Зато с меня пот лил ручьями – правда, по другой причине.

– Добрые лошади по трясинам не гойсают, – пробурчал Кузьмай. – То и не лошади вовсе, а беси болотные. Явится такой честному человеку, поманит, в руки дастся, да и нырнет в бочаг вместе с всадником.

– Брось, не нырнула же, – неуверенно отмахнулась я,

– Не нырнула – потому как ведьму в тебе почуяла, – подумав, заключил Кузьмай. – А супротив ведьмы ни один бесь не выстоит, потому – остереглась топить.

– Очередная байка, Кузя, – хохотнула я. – Беси, я бы сказала, весьма охотно идут на контакт с ведьмами – с целью пообедать.
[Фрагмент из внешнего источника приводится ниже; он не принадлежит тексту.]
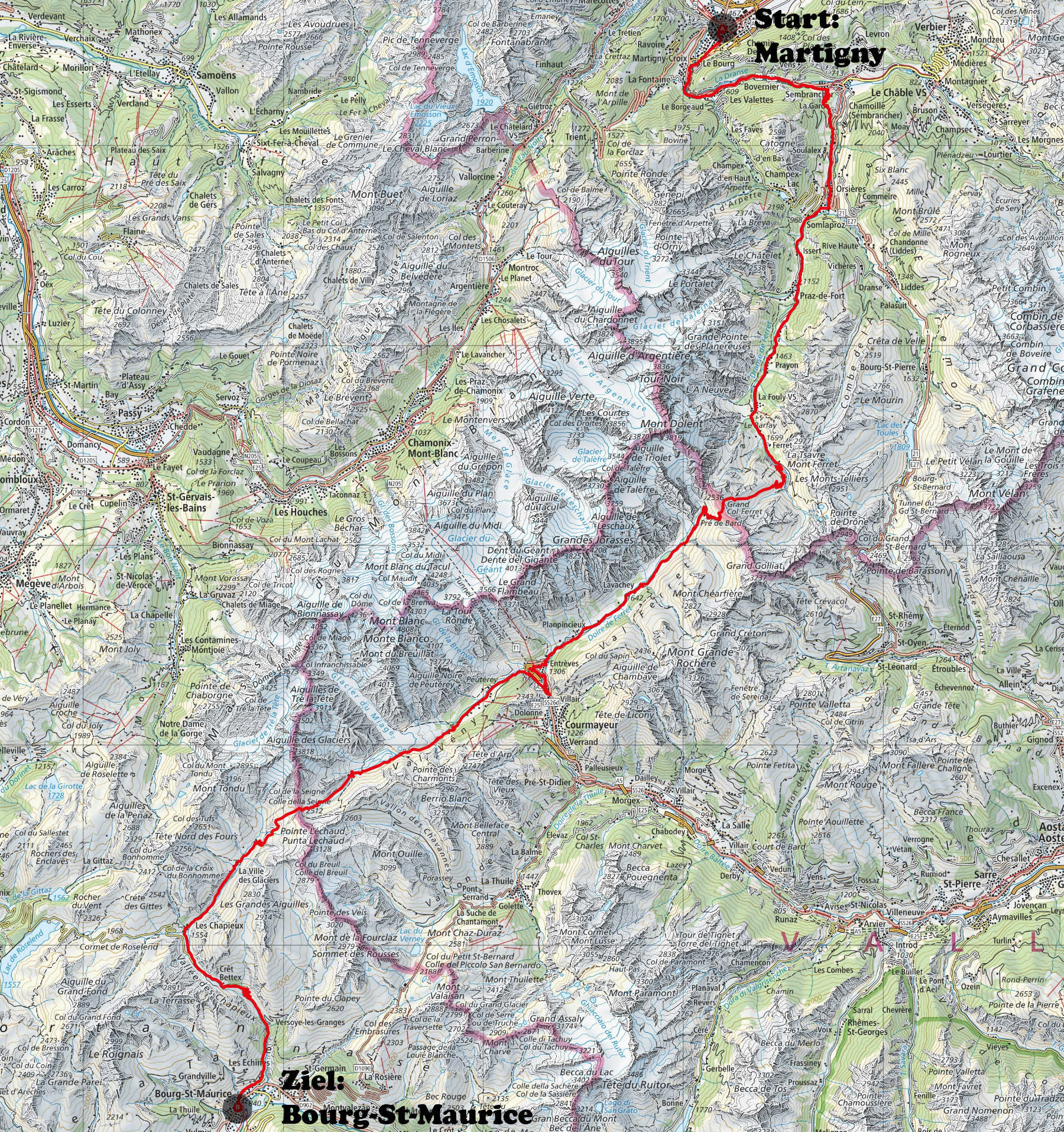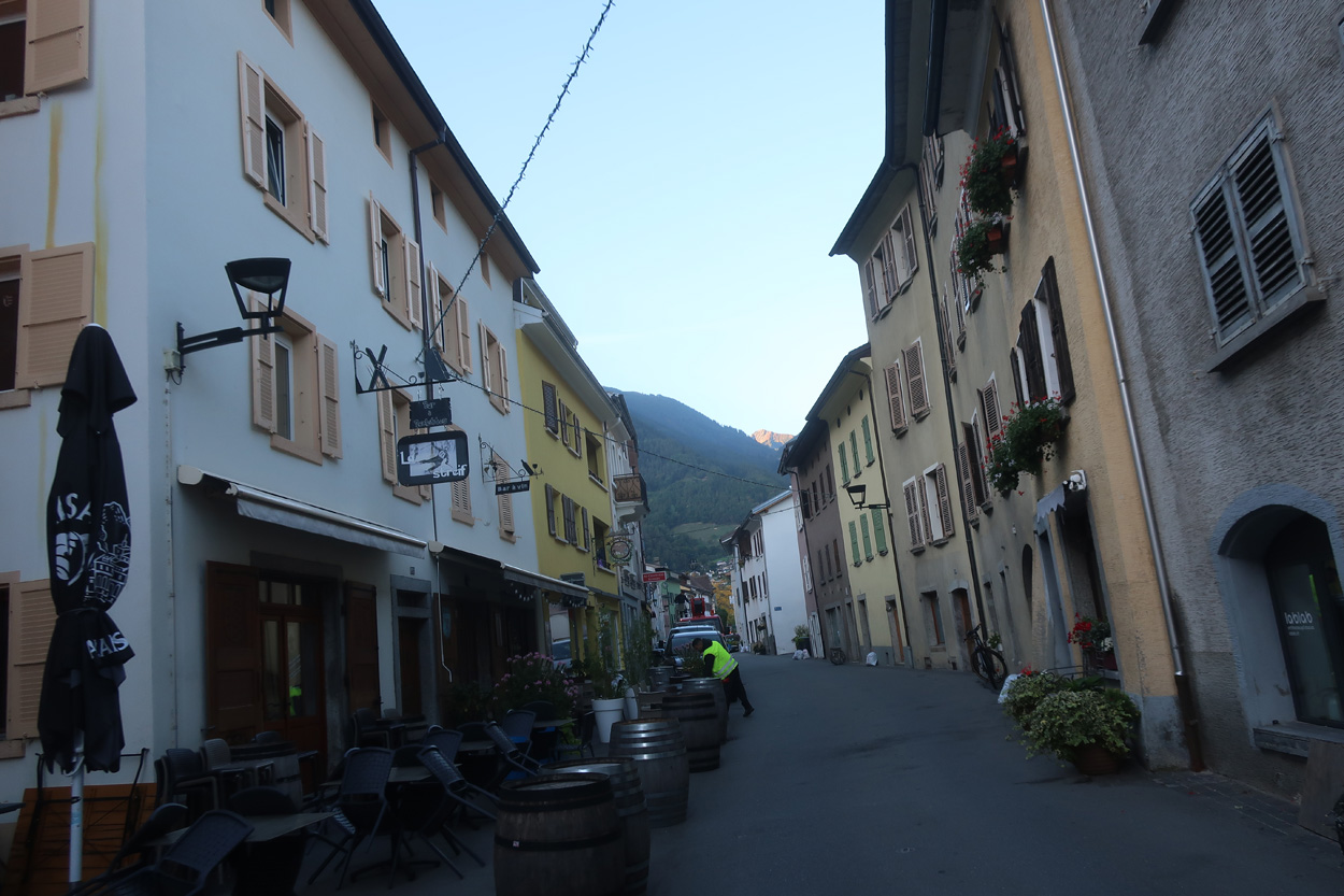 Heute Morgen ging ich um 7.15Uhr zum Morgenessen. Es gab ein gutes Büffet. Nachdem ich dann im Laden gleich neben dem Hitel noch Saft gekauft hatte ging es dann los. Zuerst fuhr ich durch das Stadtzentrum von Martigny und dann noch durch historische Zentrum von Martigny-Bourg. Am Ortsrand von Martigny nahm ich dann die Nationalstrasse bis Bovernier und danach wollte ich auf dieser weiterfahren bis Sembrancher. Der Verkehr wurde mir dann aber bald zu gefährlich so dass ich dann auf den eher mühsamen Wanderweg wechselte. Ich konnte es einfach nicht verstehen dass man auf einer teilweise 3 bis 4 Spurigen Hauptstrasse nicht fähig ist eine Velospur zu machen. In Sembracher ging es dann auf einer Naturstrasse über ein kleines Pässli nach Orsières. Von hieraus ging es dann teilweise auf der Bikeroute nach La Fouly. Dort konnte ich dann um 11.30Uhr nochmals Saft kaufen. Gegen 12Uhr erreichte ich dann das Ende der Asphaltstrasse hinter dem Weiler Ferret. Hier führt dann noch ein schöner Fahrweg bis zur Alp La Peule auf 2070m. Ab hier ging es dann auf dem Wanderweg bis zur Passhöhe des Grand Col Ferret auf 2537m. Der Wanderweg wurde hier vorbildlich zum komplett fahrbaren Biketrail ausgebaut und war wunderprächtig. Um 13.15Uhr erreichte ich dann auf der Passhöhe die Landesgrenze zu Italien. Hier tummelte sich dann gerade noch eine Asiatische Wandergruppe. Die Abfahrt zum Rifugio Elena war dann eher anspruchsvoll (total etwa 5 min Laufen). Vom Rifugio Elena führte dann wieder eine Piste und später eine Teerstrasse nach Entrèves. Hier im Italienischen Val Ferret suchte ich dann um 14Uhr das erste noch geöffnete Restaurant für meine Mittagspause auf. Kurz nach 15Uhr erreichte ich dann Entrèves, die Ortschaft am Mont Blanc. Hier wollte ich dann direkt auf einer Piste ins Val Veny fahren. Diese war aber wegen Bauarbeiten und Steinschlaggefahr gesperrt. Deshalb ging es dann nochmals 100hm weiter talabwärts in Richtung Courmayeur. Dort nahm ich dann die offizielle Straße ins Val Veny. Bis etwa 1800m ü M war sie Asphaltiert. Danach führte eine Naturstrasse zum Rifugio Elisabetta auf 2150m. Im Gegensatz zu früher wurde die Strasse wieder frisch eingekiest so dass sie bestens Fahrbar war. Am meisten erstaunt hatte mich dann aber der weitere Streckenverlauf zum Col de la Seigne. Hier wurde der Weg komplett fahrbar hergerichtet. Zum Teil war aber die Steigung grenzwärtig. Um 17.45Uhr erreichte ich dann auf dem 2515m hohen Pass Frankreich. Nach einer kurzen Pause ging es dann auf dem Flowtrail weiter zur Alp la Villes des Glaciers. Von hieraus waren dann 20km Abfahrt auf dem Asphalt bis Bourg Saint Maurice zurückzulegen. Genau bei Sonnenuntergang um 19.15Uhr erreichte dann die große Ortschaft Bourg Saint Maurice. Hier suchte ich dann nach einem Zimmer und hatte dann beim zweiten Hotel Erfolg. Auch das Abendessen konnte ich dann in diesem kleinen Hotel geniessen. Nach dem Abendessen reparierte ich dann noch einen Schrammen, welchen ich am Hinterreifen eingefangen hatte.

И рано или поздно какой-нибудь бесь мною, да и тобою подзакусит, так что не рассчитывай на ведьминскую неуязвимость и неосведомленность бесей в этом вопросе.

Кузьмай украдкой перекрестился. Мы потопали обратно, парень низко держал факел, высвечивая тропу. Пот остыл и сошел, в мокрых штанах стало зябко, словно кто-то прорезал в них дыру и в нее беспрепятственно задувает ледяной ветер. Трава не успела высохнуть после дождя и щедро поделилась водой с моими сапогами; в левый вошло больше, он хлюпал громче и противнее. Я плелась за Кузьмаем, бездумно отсчитывая шаги. Сто, двести, пятьсот... Вдали нарисовалась Куща, длинные узкие облака хищно скользили над деревьями, словно выглядывая поживу. Факел чадил и фыркал на последнем издыхании.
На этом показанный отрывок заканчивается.